Of course, not all venture capital firms were bad. The two companies Marc wanted to "show some color" — Sequoia Capital and Benchmark — were actually very excellent (Marc even quoted Andy Rachleff's views!), but they had a tendency to "oust founders." And for founders who wanted to retain control, Peter Thiel had founded Founders Fund as early as 2005, which was in the investment period of "2007 Vintage Fund II" — as Mario wrote, this fund eventually achieved a performance of "for every dollar invested, they have so far gotten $18.60 in cash back (DPI, Distributed to Paid-In capital ratio)."
But compared to today, the venture capital industry at that time was still a "lazy, closed, and manually operated industry."

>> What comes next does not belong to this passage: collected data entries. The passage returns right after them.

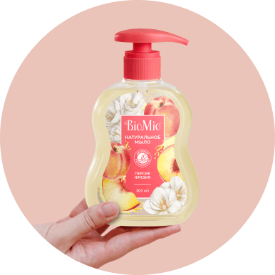 Гипоаллергенное натуральное жидкое мыло Biomio персик-фрезия на 96% состоит из компонентов природного происхождения. Масло персика делает кожу более упругой. Жидкое мыло для рук очищает и одновременно увлажняет кожу. Инновационный запатентованный комплекс из алоэ вера и бетаина увеличивает в клетках количество белков-аквапоринов, которые доставляют воду в эпидермис. Жидкое мыло мягко и деликатно очищает кожу рук. Подходит для всей семьи (для детей от 3 лет). Поддерживает здоровый микробиом кожи за счет рН 5-5,5.
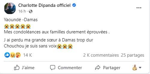 Parmi les personnes décédées lors de cet affaissement du terrain figure la grande-sœur de la chanteuse Charlotte Dipanda. Dans un message posté sur sa page Facebook ce lundi, la compagne de Fernand Lopez a annoncé la nouvelle à ses fans avant de présenter ses condoléances aux familles éplorées.
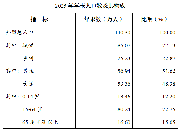 年末全盟常住人口110.30万人,比上年末减少0.95万人。其中,城镇人口85.07万人,乡村人口25.23万人;常住人口城镇化率达到77.13%,比上年末提高0.75个百分点。男性人口56.94万人,女性人口53.36万人。全年出生人口0.41万人,出生率为3.70‰;死亡人口0.85万人,死亡率为7.67‰;人口自然增长率为-3.97‰。

Marc often tells a story: In 2009, when he and Ben were considering founding a16z, they met with a GP from a top venture capital firm, who likened investing in startups to "picking sushi off a conveyor belt." According to Marc's recollection, this GP said to him:
"Venture capital is like going to a sushi-go-round restaurant. You just sit on Sand Hill Road, and startups will come to you naturally. Even if you miss one, it's okay because the next sushi will come around soon. You just sit there, watch the 'sushi' go by, and occasionally grab one with your hand."
In the Uncapped podcast, Marc explained to Jack Altman, "If the goal is just to 'maintain the status quo,' as long as industry ambition is limited, this approach can work."
But Marc and Ben's ambitions extend far beyond that. In the company they are about to found, "missing out on a high-quality project"—meaning not being able to invest in an excellent company—would be the biggest mistake. This is no small matter because they clearly see: as the market grows, the scale of those large tech companies will become unimaginably large.
"Ten years ago, there were about 50 million internet users, even fewer with broadband connections," Ben and Marc wrote in the April 2009 "a16z Fund I" fundraising memo, "Today, there are about 1.5 billion internet users, many of whom have broadband connections. Therefore, whether on the consumer or infrastructure side, the most successful companies in the industry may have far more potential than the most successful tech companies of the previous generation."
Meanwhile, the cost of starting a company has significantly decreased, and processes have become simpler—meaning there will be more startups in the future.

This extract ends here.